→ **Exercise aim**: Return the lines of the material below exactly, beginning with the line that has "Fotos: Arriba a" in it and finishing with the line that has "Il resto della" in it. Leave all pictures aside.

→ **Records for this exercise**:
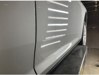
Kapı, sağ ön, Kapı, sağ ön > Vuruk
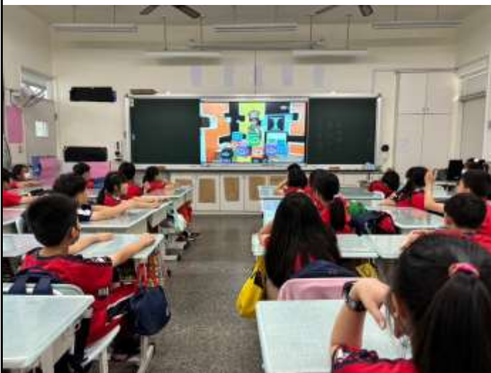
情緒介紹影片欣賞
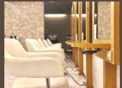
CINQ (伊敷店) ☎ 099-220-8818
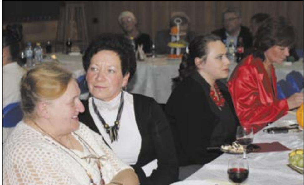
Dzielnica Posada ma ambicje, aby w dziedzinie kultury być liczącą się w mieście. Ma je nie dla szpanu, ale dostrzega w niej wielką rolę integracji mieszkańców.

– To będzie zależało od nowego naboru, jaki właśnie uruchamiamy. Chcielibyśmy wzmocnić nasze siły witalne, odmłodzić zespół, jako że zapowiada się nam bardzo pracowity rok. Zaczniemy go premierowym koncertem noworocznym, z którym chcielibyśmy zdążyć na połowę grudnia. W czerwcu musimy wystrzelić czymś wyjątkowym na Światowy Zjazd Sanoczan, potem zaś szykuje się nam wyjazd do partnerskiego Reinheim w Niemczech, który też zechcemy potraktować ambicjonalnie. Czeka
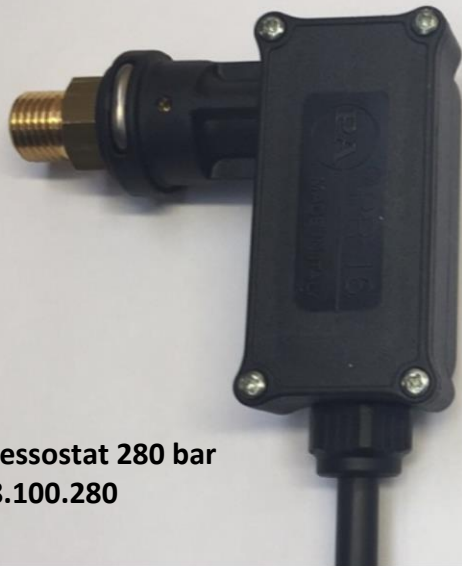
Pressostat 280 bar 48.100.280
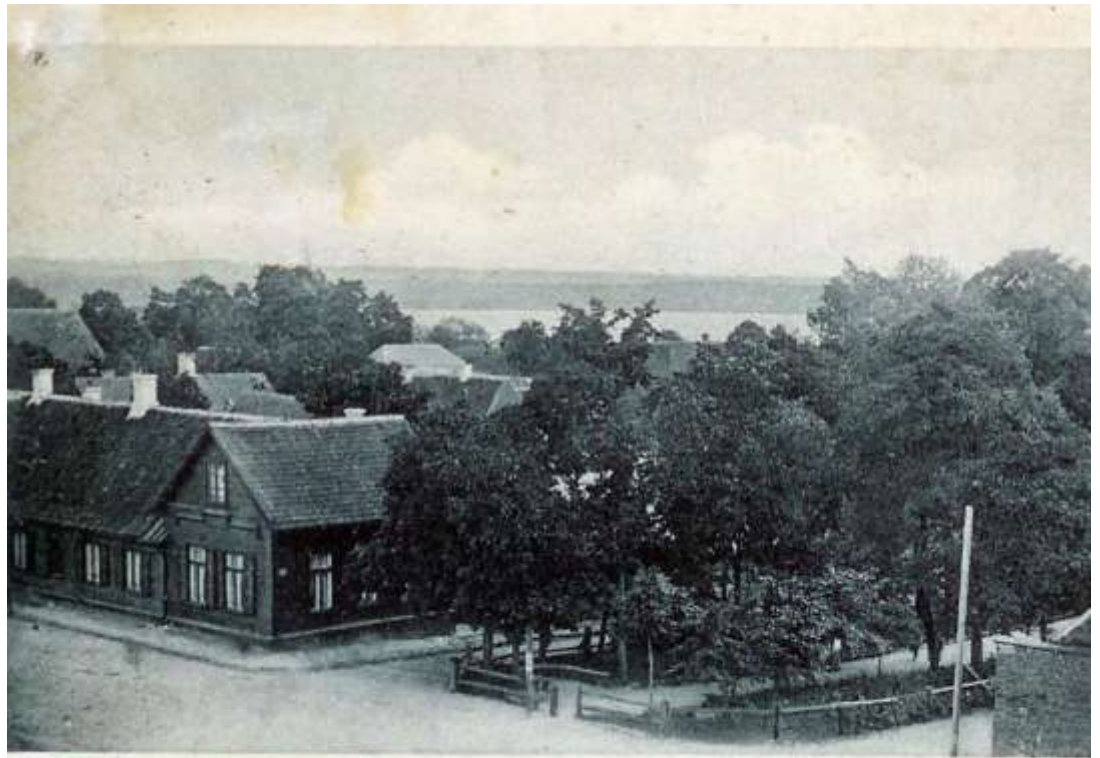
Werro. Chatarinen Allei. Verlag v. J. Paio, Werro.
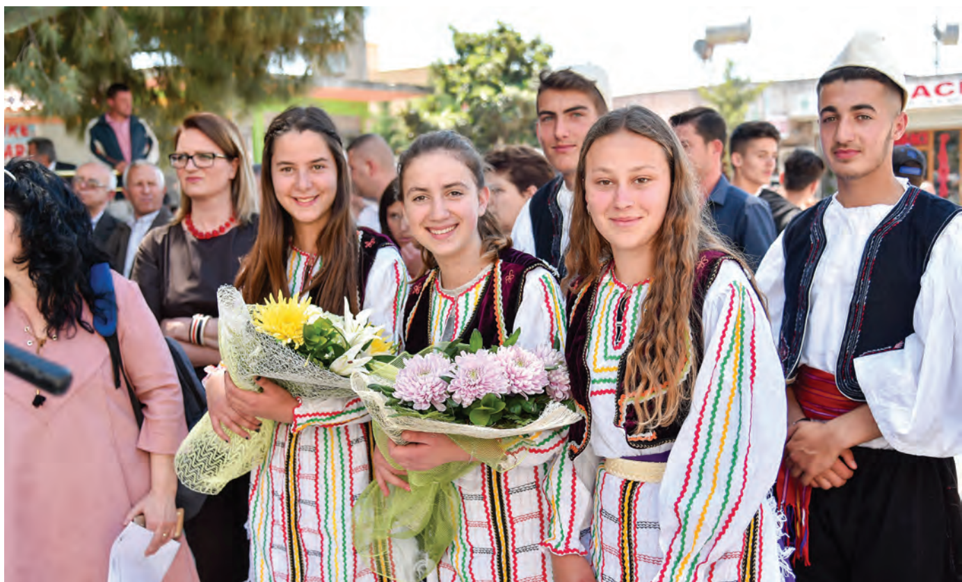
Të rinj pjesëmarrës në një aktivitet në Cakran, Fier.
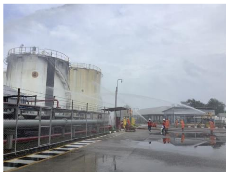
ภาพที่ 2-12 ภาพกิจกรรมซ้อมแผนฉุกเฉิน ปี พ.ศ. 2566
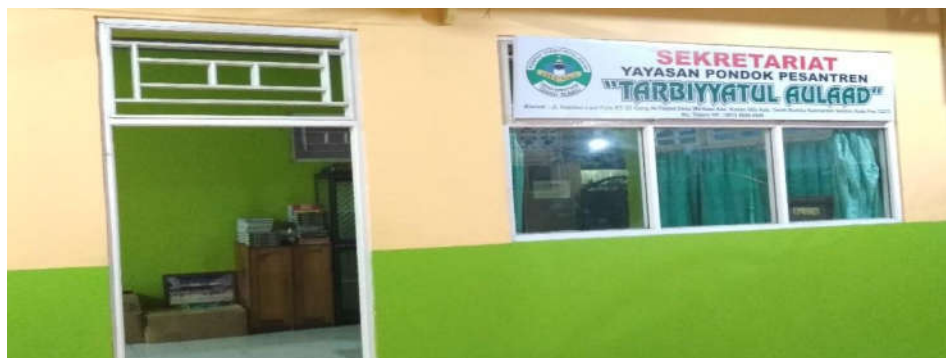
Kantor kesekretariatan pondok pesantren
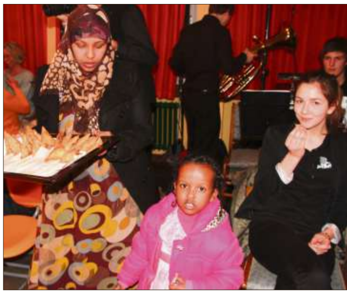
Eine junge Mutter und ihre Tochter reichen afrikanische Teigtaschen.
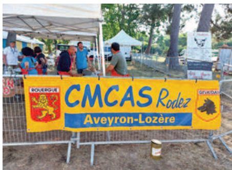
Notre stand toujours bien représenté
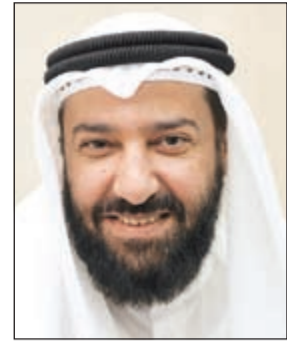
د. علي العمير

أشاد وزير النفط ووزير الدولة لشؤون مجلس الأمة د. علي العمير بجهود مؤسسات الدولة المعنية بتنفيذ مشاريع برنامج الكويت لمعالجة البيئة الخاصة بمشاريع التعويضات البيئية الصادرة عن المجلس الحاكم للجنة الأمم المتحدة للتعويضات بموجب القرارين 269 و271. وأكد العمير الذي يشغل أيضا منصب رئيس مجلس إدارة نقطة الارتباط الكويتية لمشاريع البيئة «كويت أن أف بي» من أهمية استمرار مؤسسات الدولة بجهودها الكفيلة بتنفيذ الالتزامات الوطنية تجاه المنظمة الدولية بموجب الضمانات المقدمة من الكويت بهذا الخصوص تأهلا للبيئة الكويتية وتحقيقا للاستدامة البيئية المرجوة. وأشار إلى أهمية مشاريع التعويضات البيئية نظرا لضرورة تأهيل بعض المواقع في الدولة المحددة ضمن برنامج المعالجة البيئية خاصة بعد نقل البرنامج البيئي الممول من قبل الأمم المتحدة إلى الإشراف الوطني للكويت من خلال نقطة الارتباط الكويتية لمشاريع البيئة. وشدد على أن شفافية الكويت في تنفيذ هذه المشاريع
---
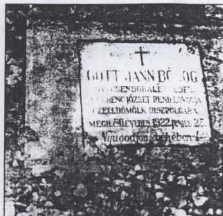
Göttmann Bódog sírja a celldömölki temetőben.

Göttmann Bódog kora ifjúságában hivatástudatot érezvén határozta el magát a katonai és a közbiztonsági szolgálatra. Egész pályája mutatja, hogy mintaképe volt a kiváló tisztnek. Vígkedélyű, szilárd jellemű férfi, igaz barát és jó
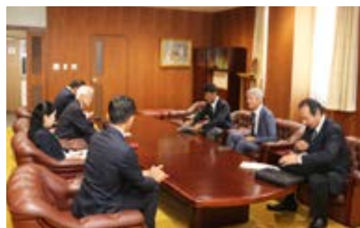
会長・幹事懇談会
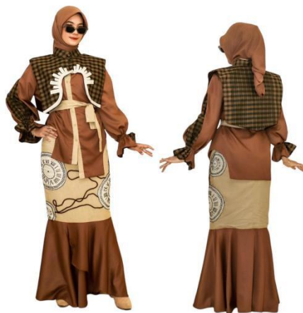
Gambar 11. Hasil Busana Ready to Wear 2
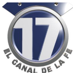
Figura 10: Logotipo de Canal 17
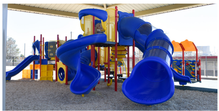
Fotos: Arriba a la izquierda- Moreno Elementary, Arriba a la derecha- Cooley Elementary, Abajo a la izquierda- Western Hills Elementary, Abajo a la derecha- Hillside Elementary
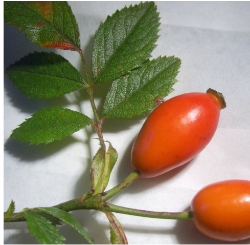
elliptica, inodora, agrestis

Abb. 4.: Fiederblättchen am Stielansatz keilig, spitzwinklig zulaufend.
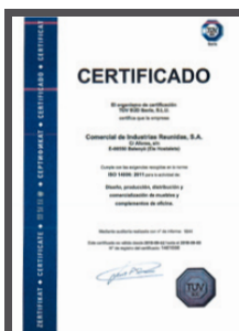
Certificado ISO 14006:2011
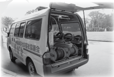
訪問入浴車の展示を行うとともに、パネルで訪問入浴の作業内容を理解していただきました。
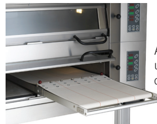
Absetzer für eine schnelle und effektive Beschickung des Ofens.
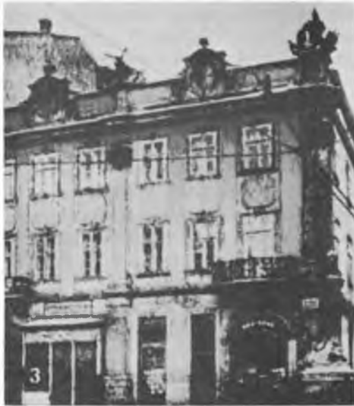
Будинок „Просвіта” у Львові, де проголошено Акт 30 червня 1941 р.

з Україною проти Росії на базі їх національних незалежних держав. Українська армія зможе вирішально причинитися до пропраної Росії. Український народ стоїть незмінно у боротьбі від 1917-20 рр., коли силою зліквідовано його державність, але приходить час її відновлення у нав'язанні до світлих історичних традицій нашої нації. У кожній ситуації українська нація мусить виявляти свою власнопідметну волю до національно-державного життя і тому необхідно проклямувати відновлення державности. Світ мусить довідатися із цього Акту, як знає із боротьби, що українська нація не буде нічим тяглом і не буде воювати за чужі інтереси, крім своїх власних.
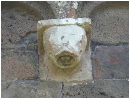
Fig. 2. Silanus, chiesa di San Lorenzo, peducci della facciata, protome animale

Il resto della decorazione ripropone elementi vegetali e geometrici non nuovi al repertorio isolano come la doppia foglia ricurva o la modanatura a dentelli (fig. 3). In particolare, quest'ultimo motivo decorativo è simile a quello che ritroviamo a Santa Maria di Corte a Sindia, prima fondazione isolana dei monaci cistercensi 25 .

→ **Answer to this task**:
Fotos: Arriba a la izquierda- Moreno Elementary, Arriba a la derecha- Cooley Elementary, Abajo a la izquierda- Western Hills Elementary, Abajo a la derecha- Hillside Elementary
elliptica, inodora, agrestis

Abb. 4.: Fiederblättchen am Stielansatz keilig, spitzwinklig zulaufend.
Certificado ISO 14006:2011
訪問入浴車の展示を行うとともに、パネルで訪問入浴の作業内容を理解していただきました。
Absetzer für eine schnelle und effektive Beschickung des Ofens.
Будинок „Просвіта” у Львові, де проголошено Акт 30 червня 1941 р.

з Україною проти Росії на базі їх національних незалежних держав. Українська армія зможе вирішально причинитися до пропраної Росії. Український народ стоїть незмінно у боротьбі від 1917-20 рр., коли силою зліквідовано його державність, але приходить час її відновлення у нав'язанні до світлих історичних традицій нашої нації. У кожній ситуації українська нація мусить виявляти свою власнопідметну волю до національно-державного життя і тому необхідно проклямувати відновлення державности. Світ мусить довідатися із цього Акту, як знає із боротьби, що українська нація не буде нічим тяглом і не буде воювати за чужі інтереси, крім своїх власних.
Fig. 2. Silanus, chiesa di San Lorenzo, peducci della facciata, protome animale

Il resto della decorazione ripropone elementi vegetali e geometrici non nuovi al repertorio isolano come la doppia foglia ricurva o la modanatura a dentelli (fig. 3). In particolare, quest'ultimo motivo decorativo è simile a quello che ritroviamo a Santa Maria di Corte a Sindia, prima fondazione isolana dei monaci cistercensi 25 .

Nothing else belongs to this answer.